We've Moved!
Visit SDSU’s new digital collections website at https://digitalcollections.sdsu.edu
Description
When any person in the world buys or rents a home, that person will definitely think about the location. Surely there are important criteria for a home buyer to choose a location, like good schools, job proximity, and many more but a very important factor is safety. Moreover in this high-tech world, everyone looks for homes online in different websites, but none of these show the most important criteria i.e. “crime related information” for that particular community. These websites show lots of stuff like square feet area, HOA and even street view, but none show safety level. This thesis is motivated by this problem and gives a solution for it.
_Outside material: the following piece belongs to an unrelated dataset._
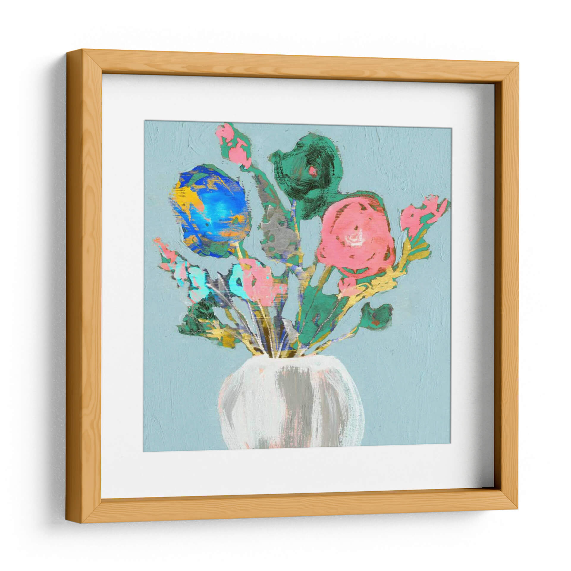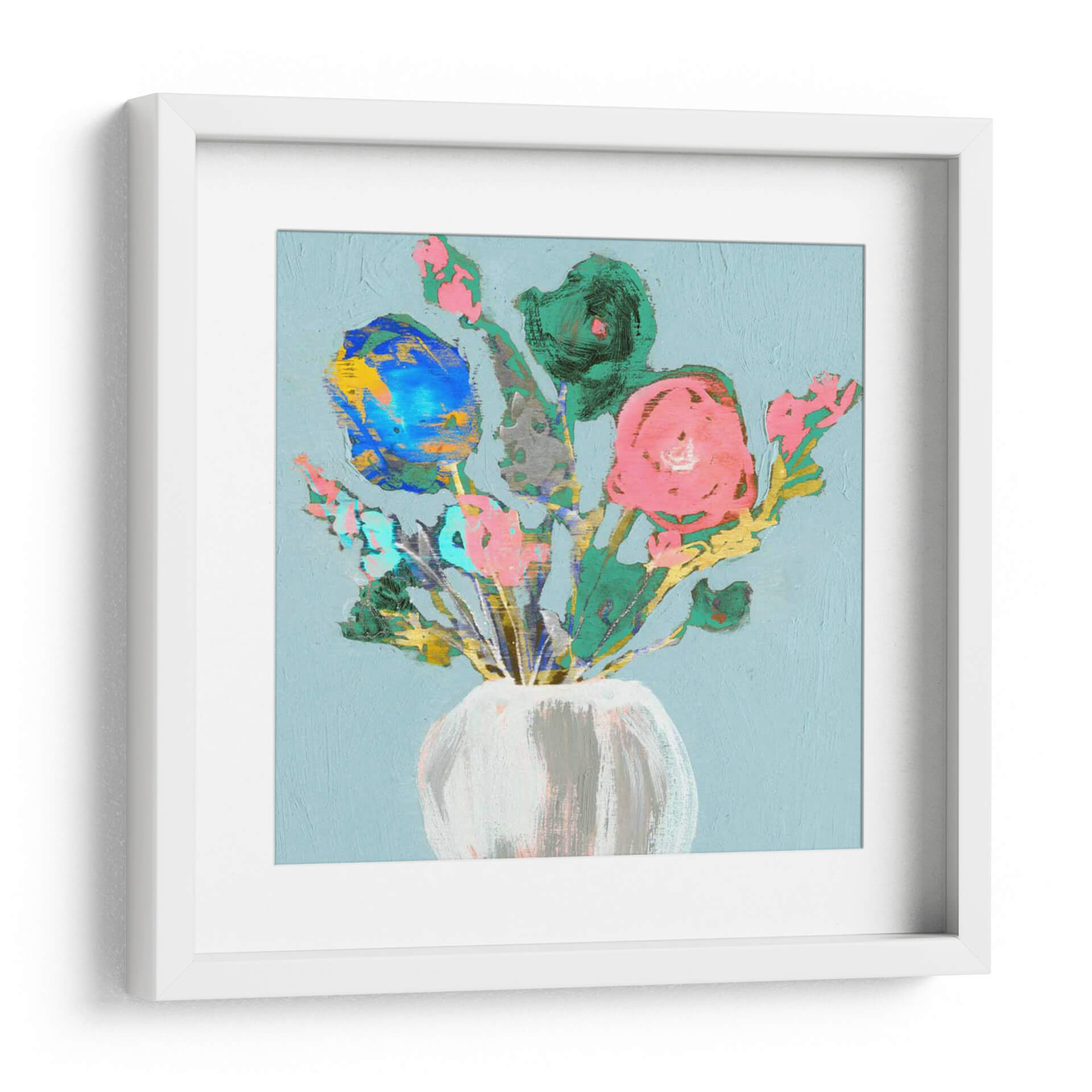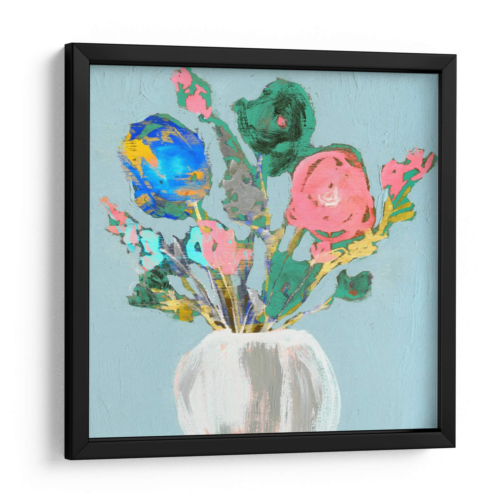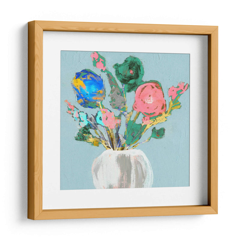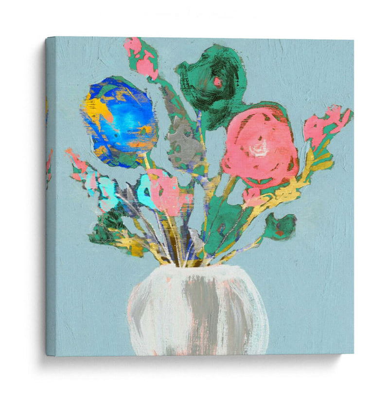 Embellezca su espacio con el vibrante cuadro decorativo "Bouquet Fun Ii" de Jennifer Goldberger. Esta obra de arte contemporáneo presenta un alegre arreglo floral capturado con pinceladas audaces y un toque expresionista. Los vibrantes tonos rosas, azules y verdes, contrastados con toques dorados y grises, crean una composición dinámica y llena de vida, sobre un delicado fondo azul cielo. La técnica gestual y la paleta de colores enérgica infunden una sensación de alegría y frescura, haciendo de este cuadro una pieza ideal para añadir un punto focal de color y personalidad a cualquier habitación. Su estilo moderno y desenfadado lo convierte en una excelente opción para salas de estar, comedores o incluso oficinas, aportando un toque artístico único y contemporáneo. "Bouquet Fun Ii" es más que una simple decoración; es una celebración de la belleza floral y la expresión artística que inspirará y deleitará a quienes lo contemplen, invitando a la conversación y al disfrute visual.

We know massive data sets have become more than commonplace today and with terabytes of data being stored in systems there is now the need to be able to make sense of it from an analytical perspective. Traditional storage and analytical tools and techniques like RDBMS fail to provide the speed and parallel processing that is required to store and effectively analyze these large sets of data. One such use case is the crime data originating from local PDs. Statisticians estimate that a crime is committed every 5 seconds. Needless to say, such statistics are going to result in a large volume of data in terms of these crimes being reported and to make sense of it we would need some sort of framework to analyze it efficiently. That is where Hadoop, an open source programming framework for distributed computing with massive data sets using a cluster of networked computers, comes into the picture. Map Reduce is a Java based computational framework provided by Apache Hadoop and/or Cloudera to harness the powers of distributed computing to analyze the files stored in the Hadoop file system. This thesis explores the use of MapReduce to analyze Crime data and infer meaningful information from it. This information is then shown in the form of a GIS application which gives a Visual representation, rather than just a simple list of outputs.